Tuesday 3 July 2012

Nightwalk: A Journey to the Heart of Nature by Chris Yates

Yates has used a simple and effective framework, a walk over one night on the North Downs. Although a well known fisherman and writer on the subject, once a year in summer he gets the urge to walk out under the stars and keep moving throughout the night. This book is a record of a single walk but also reflections on his childhood within nature, encounters both on the night and previously with wildlife and their habitats at night, and the differences in quality between night and day.

I was initially a little irritated with Yates' need to name rather than just be within his environment, but his lyrical prose and evocation of all the things that make me need to be in and around the natural environment had be utterly captivated by the end. To me, this is an important addition to the nature writing genre, many books have been written about walking but this is the first I've read about the unique qualities of our night time environment.
Only Human by Gareth Roberts

A good short read for an afternoon or a great book for kids, this Doctor Who story goes right back to series one and features Rose, Christopher Ecclestone's Doctor and Captain Jack.

We open with a strange diary entry from 7 year old Chantal in the year 438,533. Humans are obviously still around, but language has shifted. Chantal speaks of 'wrong-feelings' and genetically re-engineering her cat.

From this unsettling entry we are hurtled into far more familiar territory, the carnage of people in fancy dress in a present day nightclub, a brawl begun over one bloke looking at another's girlfriend the wrong way and the thug who bites off more than he can chew when he picks a fight with a caveman. Except this one really is a caveman, well, a Neanderthal to be precise, a long long way from his own time.

Cue the TARDIS, and Rose, the Doctor and Jack just about to go on holiday to Kegron Pluva when a flashing warning light indicates a temporal disturbance and, as usual, the holiday is derailed for high adventure in 2005AD and 29,185BC involving Neanderthals, Homo Sapiens, humans from the 437th century and some lethal genetic engineering. The very best of Doctor Who, excellent witty characterisation and great imagination.
Walker's idea is very interesting, but the execution less so. Julia is an ordinary Californian teenager, waking up with her friend Hanna from a sleepover to another sunny morning. But everything has changed, the spin of the earth is slowing. Hanna's Mormon family leave for Utah to receive guidance from their leaders and when she returns their friendship has shattered apart. Julia's loneliness and her longing for the boy next door, Seth, is set against a landscape of unfolding horrors. The days continue to lengthen, becoming lethally hot, the night temperatures dipping to below freezing. The magnetosphere falters and fails, unleashing radiation onto the Earth's surface, and flora and fauna begin to die.

This would have been excellent as an epic, but it feels slight and not worked out.  Walker's use of an ordinary teenage life with the horrors of high school, adolescene and the tensions of tensions within her own family and divided loyalties is a refreshing angle. It was a brilliant idea but so disappointing in the end, I wanted to know more!
I freely admit, when it comes to a book I like closure, real life isn't like that so I like books to be like that. 

12 year old Adam Ryan is found standing in a clearing with his shoes full of blood.

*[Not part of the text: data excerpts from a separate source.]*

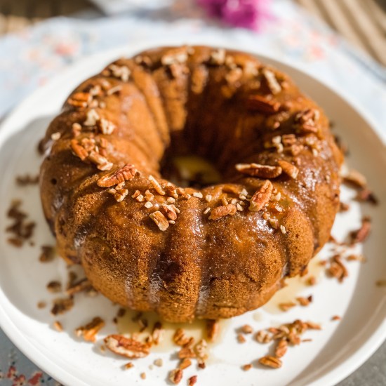 - Remove the cake from the pan, onto a serving plate. Spoon the glaze over the warm cake (you could also top with some toasted walnuts or pecans, like I did here!). Cool for a little longer before serving. Enjoy!
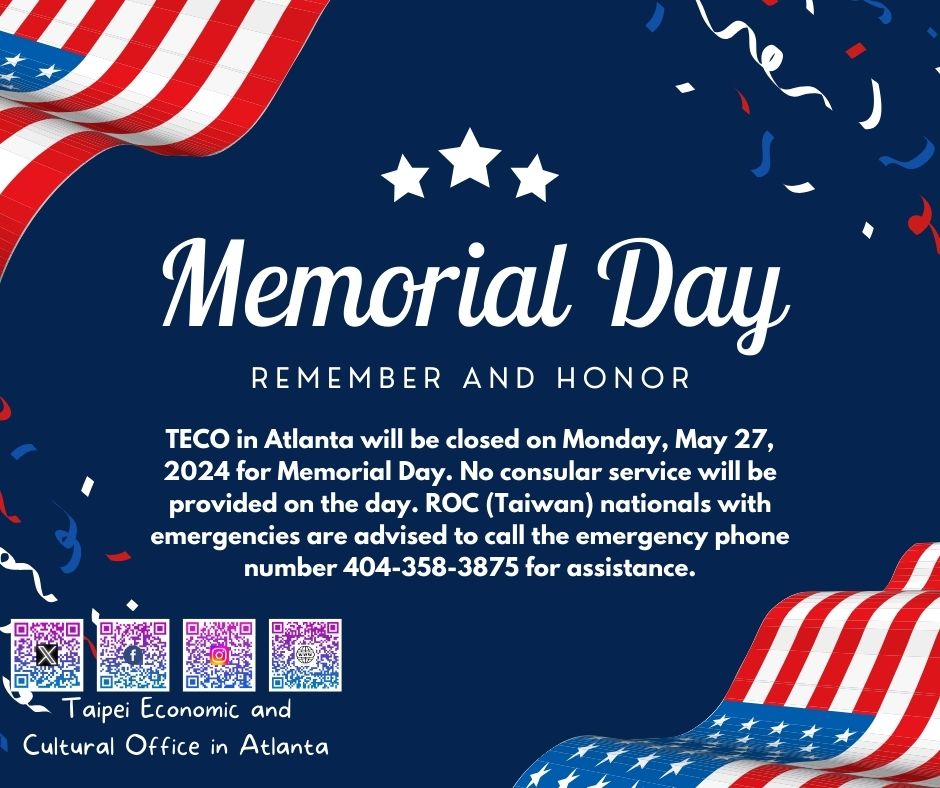 TECO Atlanta Memorial Day closed - Taipei Economic and Cultural Office in Atlanta 駐亞特蘭大台北經濟文化辦事處 ::: Skip to main content
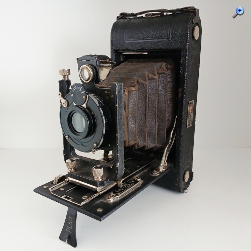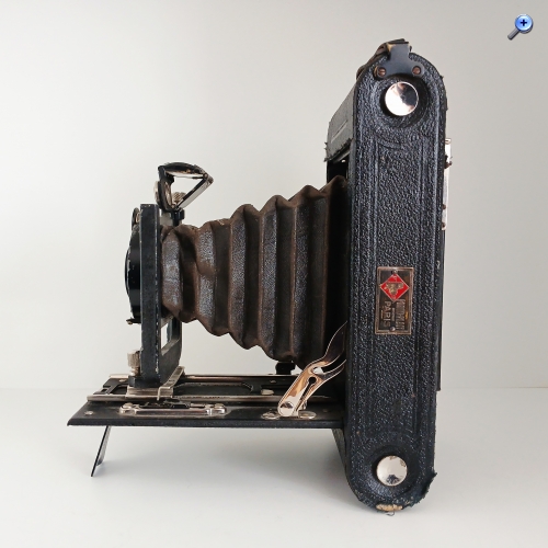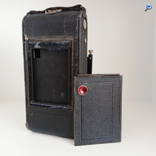 Es handelt sich um eine 116-Film-Kamera, also für ein Format von 6,5x11cm. Sie war auch für das größere Format von 8x10,5 verfügbar. Es ist sehr solide gebaut. Es hat einen robusten Holzkörper und eine sehr stabile Metallbasis. Es handelt sich jedoch nicht um eine Kamera mit hohen technischen Leistungen. Das Gehäuse der Kamera ist nicht aus echtem Leder, sondern aus synthetischem Material. Der massive und schwer aussehende eiserne Objektivträger schützt im Inneren den Mechanismus, um das Ziel in die Höhe zu heben, jedoch nicht horizontal. Es fehlen Referenzen von ihrem Hersteller mit Ausnahme des versteckten Logos, das auf dem letzten Foto zu sehen ist.
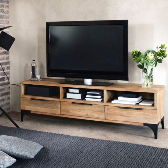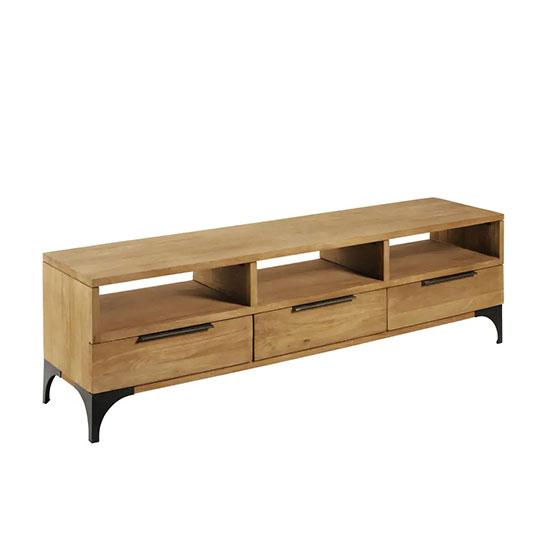 Ce meuble tv industriel est tout ouvert : une fois votre poste installé sur la partie supérieure, vous disposerez d’une belle surface pour disperser vos effets personnels.

The police have been searching for him and his friends Peter and Jamie, they are never found. Adam has no memory of what happened to him or his companions.

Twenty years on Adam is now known as Rob and heading up a murder investigation. An archaeological dig is taking place on the site of the woods his friends disappeared in. A little girl's body has been found on a ritualistic stone table, her name is Katy and she was a star ballerina about to go to the Royal School of Ballet. As Rob and his DI partner Cassie investigate their progress is slow and difficult, but there is clearly something wrong at the heart of Katy's family. Rob's life begins to unravel in the presence of the place where so much unknown horror unfolded in his own life and the tension is ratcheted up and up.

I understood the reasons for Rob's constant reflections along the lines of 'this is how it all went wrong' but it irritated me, as did the lack of resolutions. I like neat ends in books, so sue me!